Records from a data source
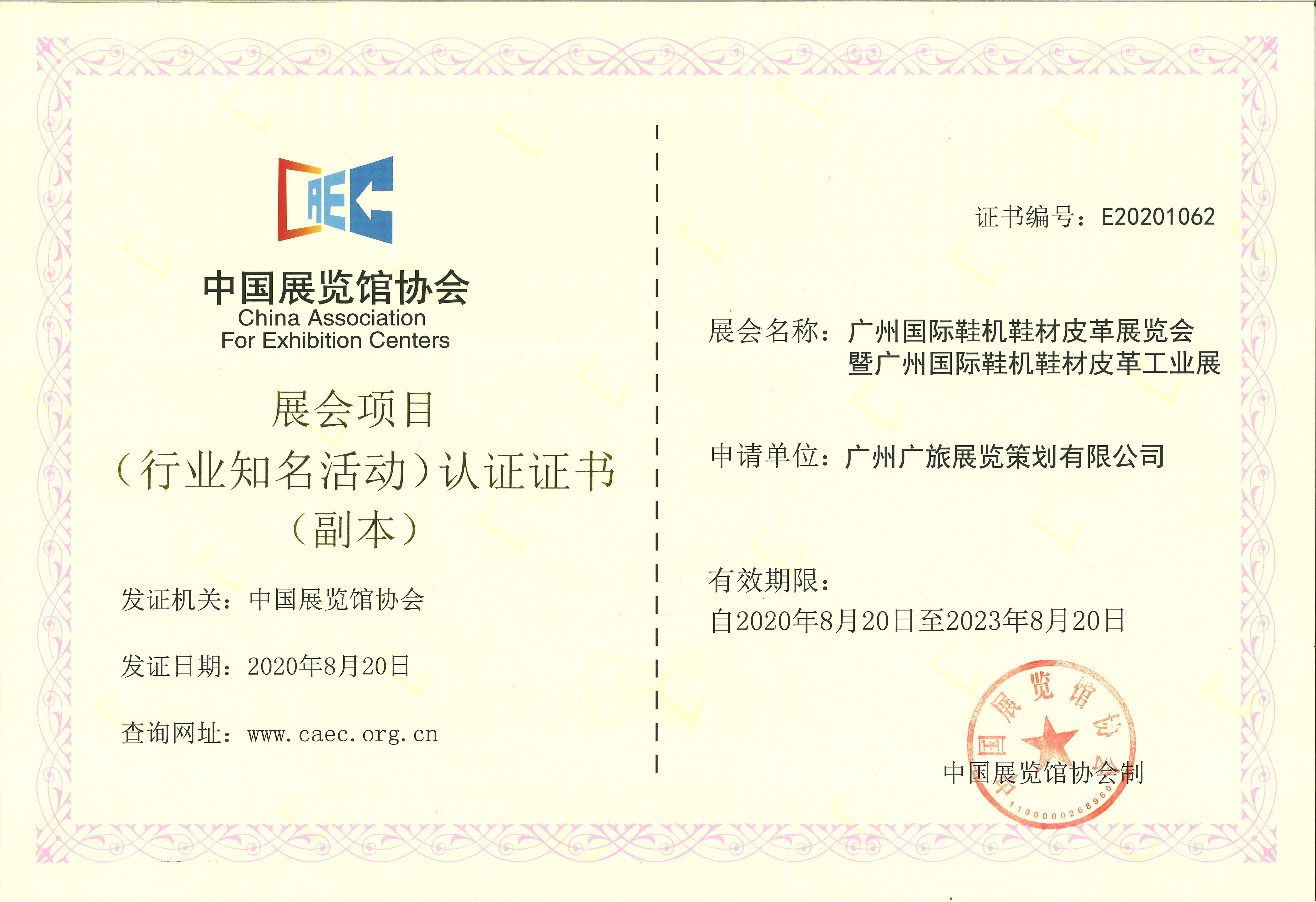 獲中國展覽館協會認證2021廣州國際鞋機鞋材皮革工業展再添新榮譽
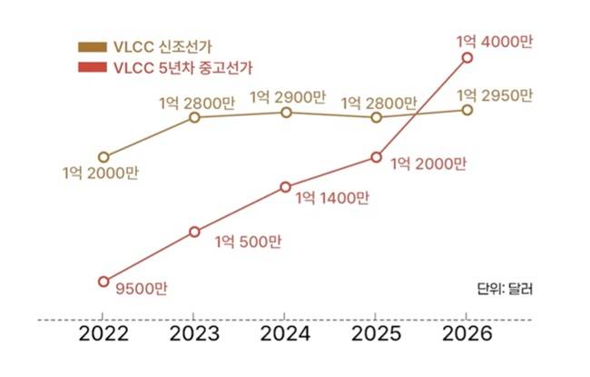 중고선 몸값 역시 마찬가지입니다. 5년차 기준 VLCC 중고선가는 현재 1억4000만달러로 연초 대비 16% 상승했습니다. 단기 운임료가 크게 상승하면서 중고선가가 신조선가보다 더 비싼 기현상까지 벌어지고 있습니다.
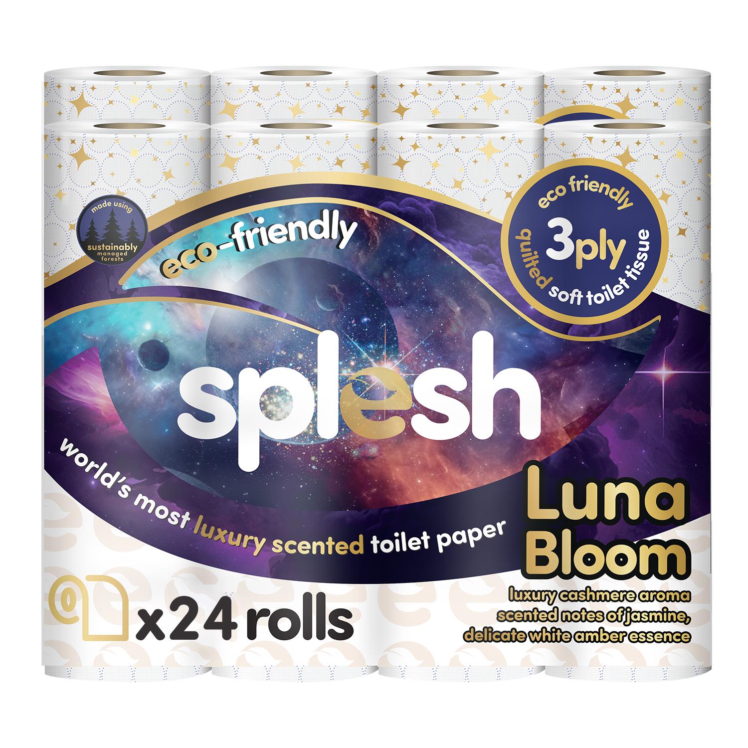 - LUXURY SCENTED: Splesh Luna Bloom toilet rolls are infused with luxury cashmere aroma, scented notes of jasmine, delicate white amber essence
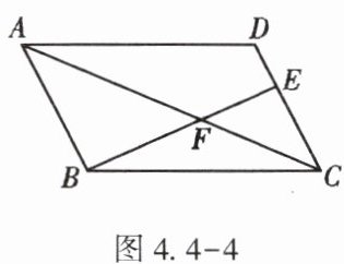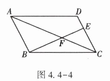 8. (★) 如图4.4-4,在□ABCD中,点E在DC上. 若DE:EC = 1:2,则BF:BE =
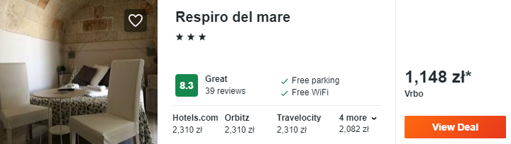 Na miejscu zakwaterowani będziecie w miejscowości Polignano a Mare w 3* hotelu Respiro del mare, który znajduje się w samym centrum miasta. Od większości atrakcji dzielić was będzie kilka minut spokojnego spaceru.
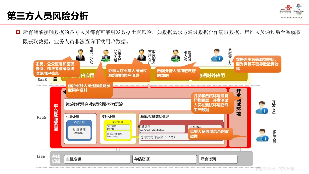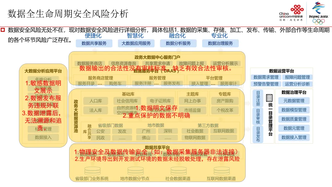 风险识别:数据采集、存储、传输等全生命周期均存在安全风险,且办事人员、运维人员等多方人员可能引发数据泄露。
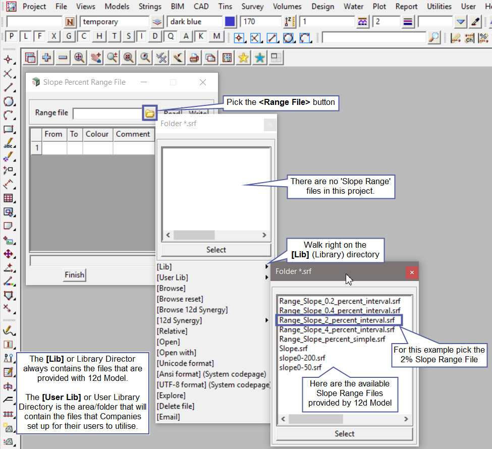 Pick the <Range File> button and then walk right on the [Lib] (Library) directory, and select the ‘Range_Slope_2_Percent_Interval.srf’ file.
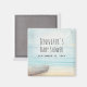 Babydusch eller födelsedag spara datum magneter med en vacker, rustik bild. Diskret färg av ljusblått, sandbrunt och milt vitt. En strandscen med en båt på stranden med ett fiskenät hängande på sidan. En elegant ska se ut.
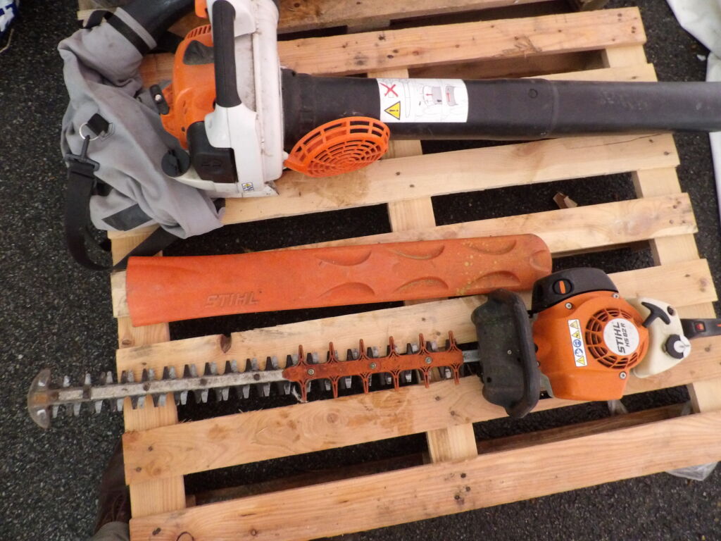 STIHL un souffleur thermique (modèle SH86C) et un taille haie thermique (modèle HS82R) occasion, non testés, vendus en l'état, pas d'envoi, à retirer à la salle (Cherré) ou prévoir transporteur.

→ Exercise requirements
Your response must restate every record above exactly, with each picture omitted.

→ Solution for this problem
 獲中國展覽館協會認證2021廣州國際鞋機鞋材皮革工業展再添新榮譽
 중고선 몸값 역시 마찬가지입니다. 5년차 기준 VLCC 중고선가는 현재 1억4000만달러로 연초 대비 16% 상승했습니다. 단기 운임료가 크게 상승하면서 중고선가가 신조선가보다 더 비싼 기현상까지 벌어지고 있습니다.
 - LUXURY SCENTED: Splesh Luna Bloom toilet rolls are infused with luxury cashmere aroma, scented notes of jasmine, delicate white amber essence
 8. (★) 如图4.4-4,在□ABCD中,点E在DC上. 若DE:EC = 1:2,则BF:BE =
 Na miejscu zakwaterowani będziecie w miejscowości Polignano a Mare w 3* hotelu Respiro del mare, który znajduje się w samym centrum miasta. Od większości atrakcji dzielić was będzie kilka minut spokojnego spaceru.
 风险识别:数据采集、存储、传输等全生命周期均存在安全风险,且办事人员、运维人员等多方人员可能引发数据泄露。
 Pick the <Range File> button and then walk right on the [Lib] (Library) directory, and select the ‘Range_Slope_2_Percent_Interval.srf’ file.
 Babydusch eller födelsedag spara datum magneter med en vacker, rustik bild. Diskret färg av ljusblått, sandbrunt och milt vitt. En strandscen med en båt på stranden med ett fiskenät hängande på sidan. En elegant ska se ut.
 STIHL un souffleur thermique (modèle SH86C) et un taille haie thermique (modèle HS82R) occasion, non testés, vendus en l'état, pas d'envoi, à retirer à la salle (Cherré) ou prévoir transporteur.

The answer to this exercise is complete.